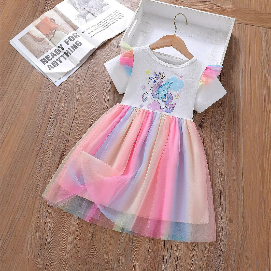 外贸夏季新款连衣裙洋气纱裙网纱公主裙宝宝裙子女童短袖儿童夏装
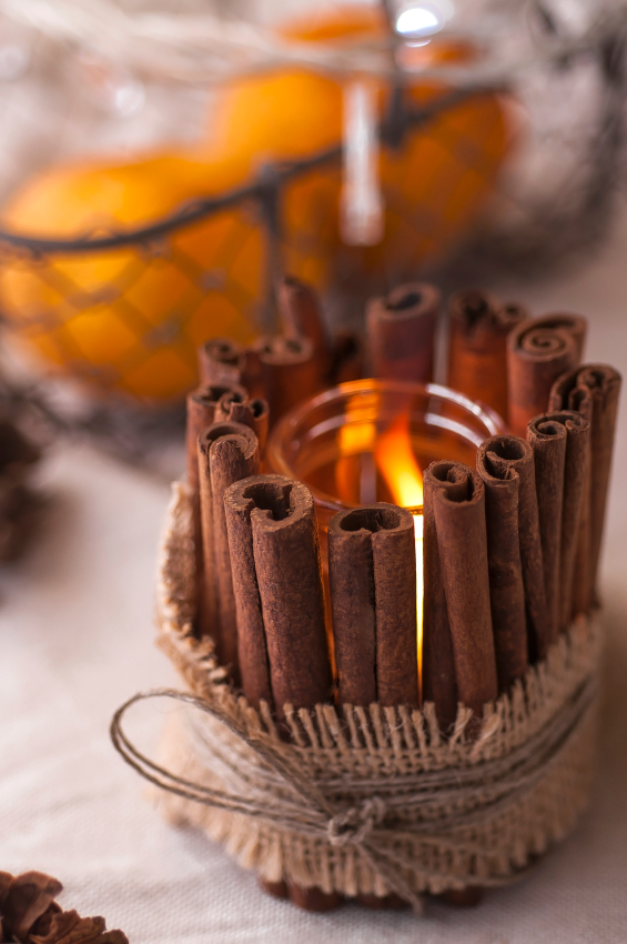 WAS SIE BRAUCHEN: kleines Glas, Teelicht, Zimtstangen, Packband, breites Geschenkband, ggf. Kraftkleber.
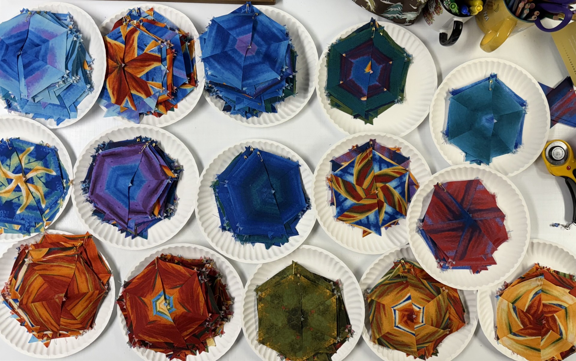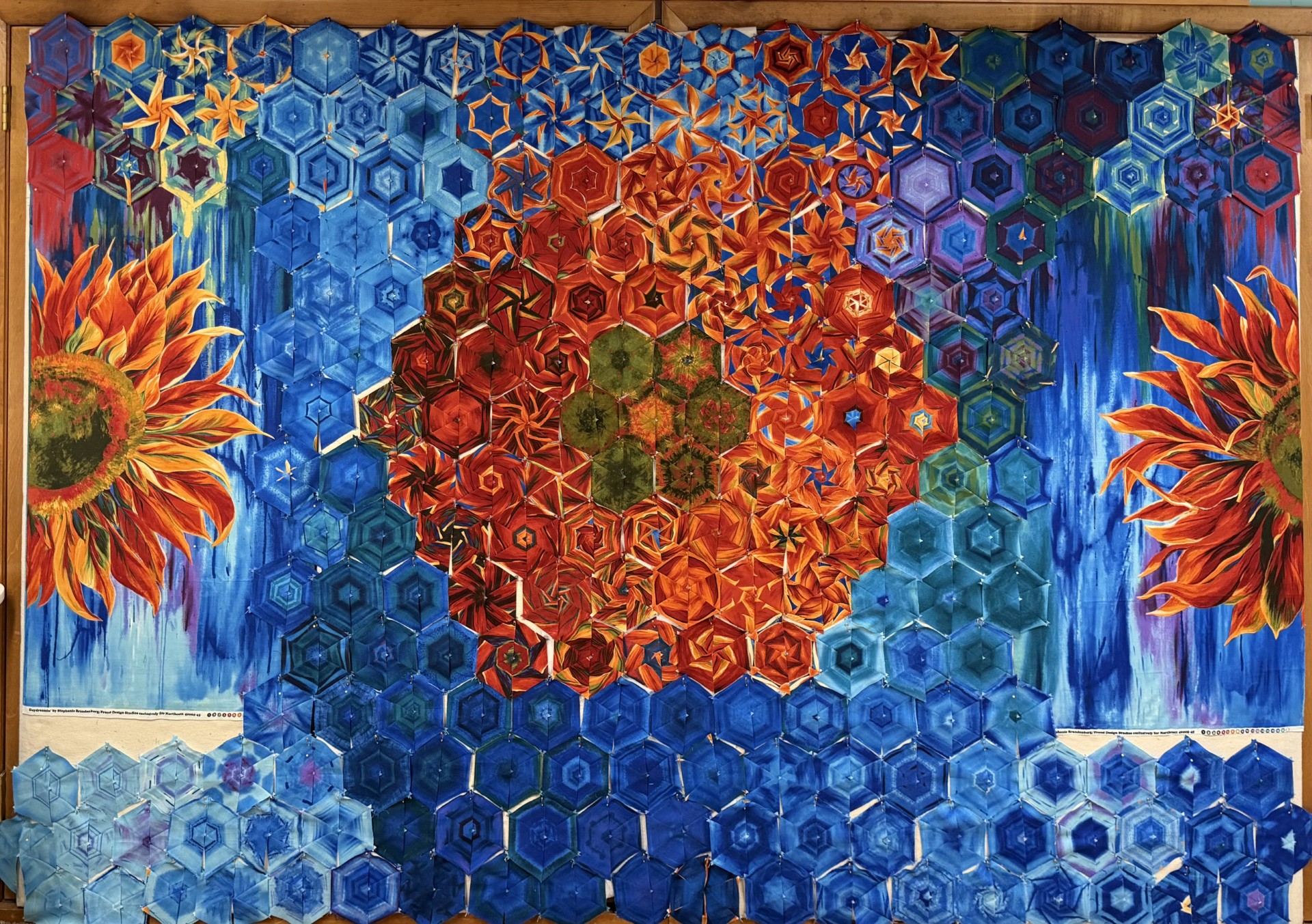 Dianne worked so hard to design and adjust this Van Go like panel, fabulous job! Carol was exploring and learning to make Hollow Cube 60 units. Her fabric created beautiful whimsical hexies!
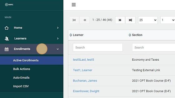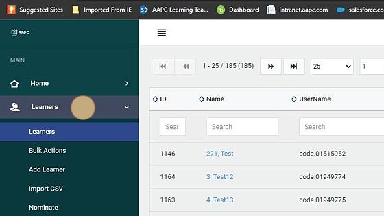 4. Click "Learners" menu header. This menu contains the Learners option, bulk actions for learners, add a learner, and import CSV to bulk import learners.
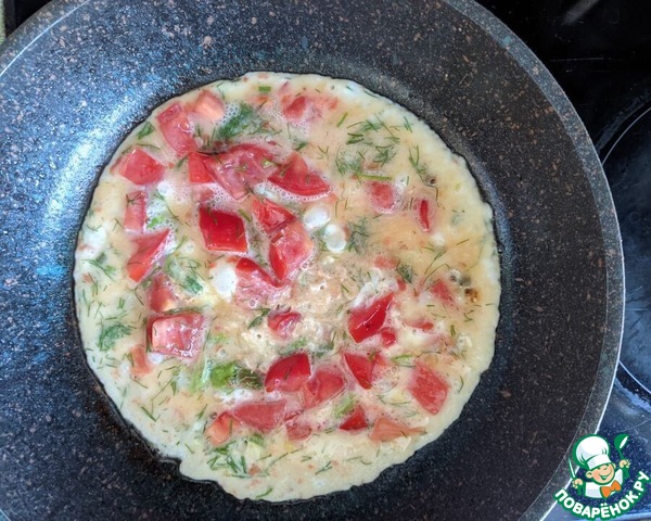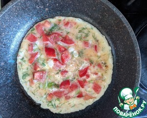 На горячую сковороду наливаем остатки масла. Выливаем яичную смесь, готовим на среднем огне до готовности, около 5 минут, под закрытой крышкой.
******
• WHAT THE TASK REQUIRES
Where the line containing "WAS SIE BRAUCHEN: kleines" appears in the entries above, start there and set down every line exactly through the last one, inclusive; omit pictures.

• EXERCISE OUTPUT
 WAS SIE BRAUCHEN: kleines Glas, Teelicht, Zimtstangen, Packband, breites Geschenkband, ggf. Kraftkleber.
 Dianne worked so hard to design and adjust this Van Go like panel, fabulous job! Carol was exploring and learning to make Hollow Cube 60 units. Her fabric created beautiful whimsical hexies!
 4. Click "Learners" menu header. This menu contains the Learners option, bulk actions for learners, add a learner, and import CSV to bulk import learners.
 На горячую сковороду наливаем остатки масла. Выливаем яичную смесь, готовим на среднем огне до готовности, около 5 минут, под закрытой крышкой.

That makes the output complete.